Walter Bright <newshound1 digitalmars.com> writes:

bearophile wrote:
 Probably I am missing something important, I have tried this code
 with the 1.034 (that compiles my large d libs fine), but I have found
 many problems:
 
 import std.stdio: putr = writefln;
 
 void main() { int[] a1 = [1, 2, 3]; int[] a2 = [2, 4, 6];
 
 //putr(a1[] + a2[]); // test.d(6): Error: Array operations not
 implemented

It only works if the top level is an assignment operation.

 
 auto a3 = a1[] + 4; putr(a3); // [1,2,3,0,0,0,0]
 
 int[] a4 = a1[] + a2[]; // test.d(12): Error: Array operations not
 implemented

Doesn't work for initializers.

 
 int[] a5 = [3, 5, 7, 9]; int[] a6 = a1 + a5; // test.d(16): Error:
 Array operations not implemented

Doesn't work for initializers.

 
 int[] a7; a7[] = a1[] + a2[]; putr(a7); // prints: []

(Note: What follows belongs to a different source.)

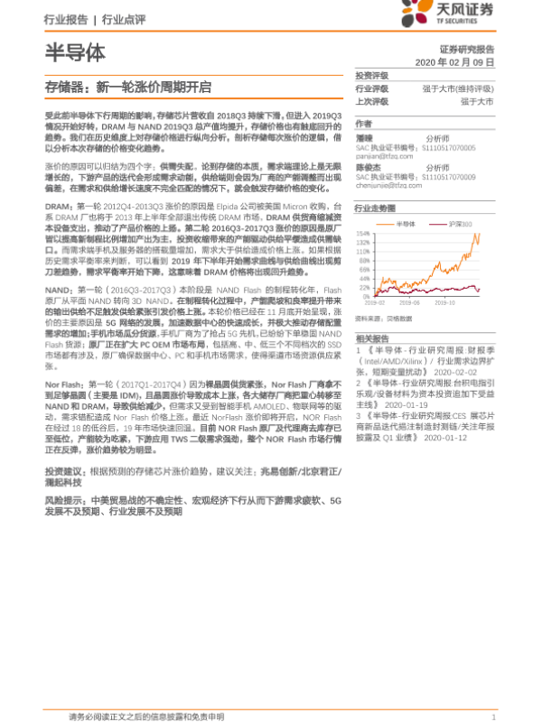 【天风证券】【20200209】半导体行业:存储器,新一轮涨价周期开启-16页

I don't know what putr is.

 
 auto a8 = a1 + a2; // test.d(21): Error: Array operations not
 implemented

Have to use slice [] operator.

 putr(a8); }
 
 
 Few more questions/notes: - I like a syntax as a+b and a[]+4 instead
 of a[]+b[] and a[]+4, I am used to that from PyLab, etc. - How does
 it works (or not works) with jagged/square matrices?

It doesn't.

  - When possible
 I'm do few benchmarks compared to normal D code, C code compiled
 normally with GCC and C code automatically vectorized by GCC. - Is it
 able to compute a+b+c with a single loop (as all Fortran compilers
 do)?

Yes.

  I presume the answer is negative. - Hopefully in the future they
 may support the SSE3/SSSE3 too that my CPU supports.
 
 Bye, and good work, bearophile

Aug 08 2008

Moritz Warning <moritzwarning web.de> writes:

On Fri, 08 Aug 2008 22:43:08 -0700, Walter Bright wrote:

 bearophile wrote:
 Probably I am missing something important, I have tried this code with
 the 1.034 (that compiles my large d libs fine), but I have found many
 problems:
 
 import std.stdio: putr = writefln;
 
 void main() { int[] a1 = [1, 2, 3]; int[] a2 = [2, 4, 6];
 
 //putr(a1[] + a2[]); // test.d(6): Error: Array operations not
 implemented

 
 It only works if the top level is an assignment operation.
 
 

[..]
 
 int[] a5 = [3, 5, 7, 9]; int[] a6 = a1 + a5; // test.d(16): Error:
 Array operations not implemented

 
 Doesn't work for initializers.
 
 

[..]

Looks like there is room for improvement.
It does put work on the programmers nerves when things doesn't work as 
expected. :)

Anyway - Good work!

Aug 09 2008

bearophile <bearophileHUGS lycos.com> writes:

bearophile wrote:
 import std.stdio: putr = writefln;



Walter Bright:
It only works if the top level is an assignment operation.<

Then I have not seen such comment in the docs, if this is absent from the docs,
then this deserves to be added. And the error message too given DMD can be
improved.


Doesn't work for initializers.<

Both the docs (if not already present) and the error message have to explain
this.

This output looks like a bug of the compiler anyway:
[1,2,3,0,0,0,0]


 int[] a7; a7[] = a1[] + a2[]; putr(a7); // prints: []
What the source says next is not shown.